> [How to complete this task]: Write out, word for word and with no pictures, each line below from the one containing "f. 33, Visitation, with" through the one containing "绵阳中华大熊猫苑,游客观赏大熊猫。记者 李春梅 摄", both included, and no other line.

> [Provided entries]:
--------------------------------
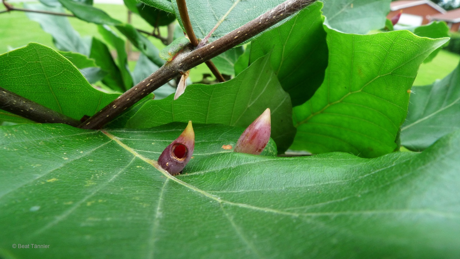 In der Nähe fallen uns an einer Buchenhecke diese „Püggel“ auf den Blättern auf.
--------------------------------
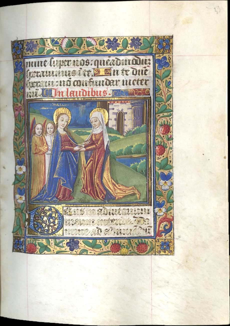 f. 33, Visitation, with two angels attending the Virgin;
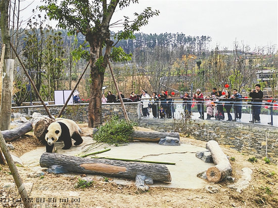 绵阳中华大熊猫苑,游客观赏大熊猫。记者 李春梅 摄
--------------------------------
> [Exercise solution]:
 f. 33, Visitation, with two angels attending the Virgin;
 绵阳中华大熊猫苑,游客观赏大熊猫。记者 李春梅 摄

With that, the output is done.